This post is based on a Gestalt IT Showcase by Intel Corporation
Intel recently announced that it is coming to market with a new series of Ethernet switches based on the Tofino 2 programmable chipset, the core technology of which came from the acquisition of Barefoot Networks in mid-2019.
Standing on their own, the total throughput and programmability attributes of the Tofino 2 are impressive and open up a new range of use-cases for bandwidth-intensive environments like hyper-scale datacenters.
However, Intel is taking things a step further by co-packaging their Silicon Photonics technology in the place of traditional optical transceivers, increasing the amount of bandwidth that can be efficiently consumed per-port.
Although much of the conversation around the co-packaged Tofino 2 and Photonics switch seems focused on high-density scenarios, perhaps the most interesting potential use is to further enable disaggregation of resources and a transition away from the traditional all-encompassing x86 server node.
With that, an interesting question comes to mind – how does the development of this new switching platform impact the future of Intel’s Rack Scale Design and overall composable disaggregated strategy?
Escaping the Boundary of the x86 Server
The limitations of a single x86 server are well-known, and its fixed ratios of computing, storage, and networking capacity have been a constraint the technology industry has worked against for some time.
To escape this boundary and move certain types of resources outside of the individual server so they can be consumed and scaled independently, a very high speed and low latency external interconnect technology is needed.
Previous attempts to disaggregate resources have relied on technologies like PCI Express and Ethernet for this purpose.
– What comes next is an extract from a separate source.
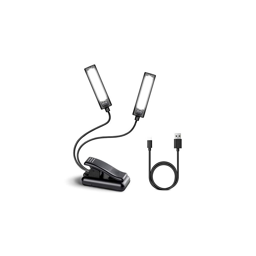 TIGER MSL35-6BT Dual Head Music Stand Light with 6x LEDs Clip On Portable Book Lamp with Flexible Gooseneck and Individual On/Off Dim Settings Battery Operated or USB/Mains Black

Of these two, Ethernet is far more prominent when used as an external interconnect is concerned, and it is becoming more widely used as a generic transport every year.
However, as Ethernet reaches the speeds (100Gb+) required to be competitive with PCI Express in attaching high-bandwidth external devices, the efficiency of traditional optical transceivers become a significant limitation.
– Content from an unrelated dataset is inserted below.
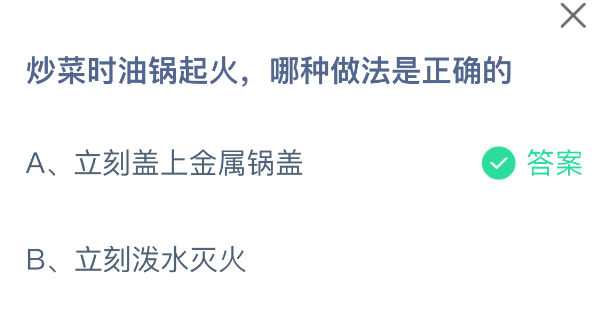 以上就是炒菜时油锅起火,哪种做法是正确的,支付宝蚂蚁庄园2025年10月17日答案最新,更多精彩内容,请点击关注0405手游网更新!

This is where Silicon Photonics comes into play. Because transmitted data does not have to be converted back and forth between light and an electrical signal, more switch resources are available for achieving higher port density and per-port bandwidth levels.
To make resource disaggregation realistic, though, the switch ASIC itself has to be up to the task, as well. It just so happens that the Tofino 2, being one of the fastest Ethernet ASICs available, has enough aggregate bandwidth available to bring this all together.
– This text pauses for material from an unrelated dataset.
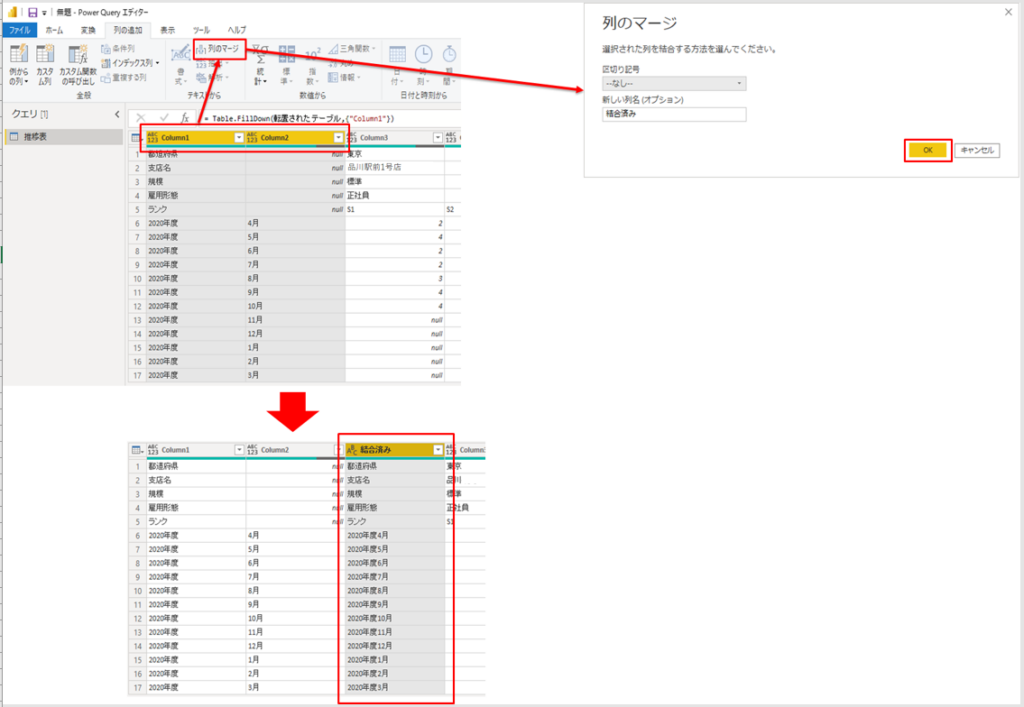 Column1とColumn2を選択し、[列の追加]タブから「列のマージ」を実行します。

Considering these items, the situation has become very interesting for Intel. As a manufacturer of CPU’s, FPGA’s, GPU’s, SSD’s, storage-class memory, and (now) high-speed Ethernet switching, Intel now has all of the major components beneath one roof to push their vision of composable disaggregated infrastructure forward to the next iteration.
Conclusion
While Ethernet may or may not replace PCI Express as the transport of choice when connecting disaggregated resources like GPU’s and FPGA’s to the compute resources that consume them, it’s becoming a more realistic proposition at the per-port bandwidths that Silicon Photonics enables.
As we’ve seen generally with the popularity of composable systems that are already on the market, a growing number of customers appreciate the flexibility and economics that can come along with the pooling and as-needed allocation of hardware resources. The potential to use a ubiquitous and flexible interconnect like Ethernet for this purpose strengthens the value proposition further.
In any case, it will be very interesting to see what impact these technologies have on the future of disaggregated architectures, and the options they ultimately provide to customers. The strategic decisions being made lead one to believe that the usefulness of Tofino 2 with Photonics in this context is not just a fortunate accident.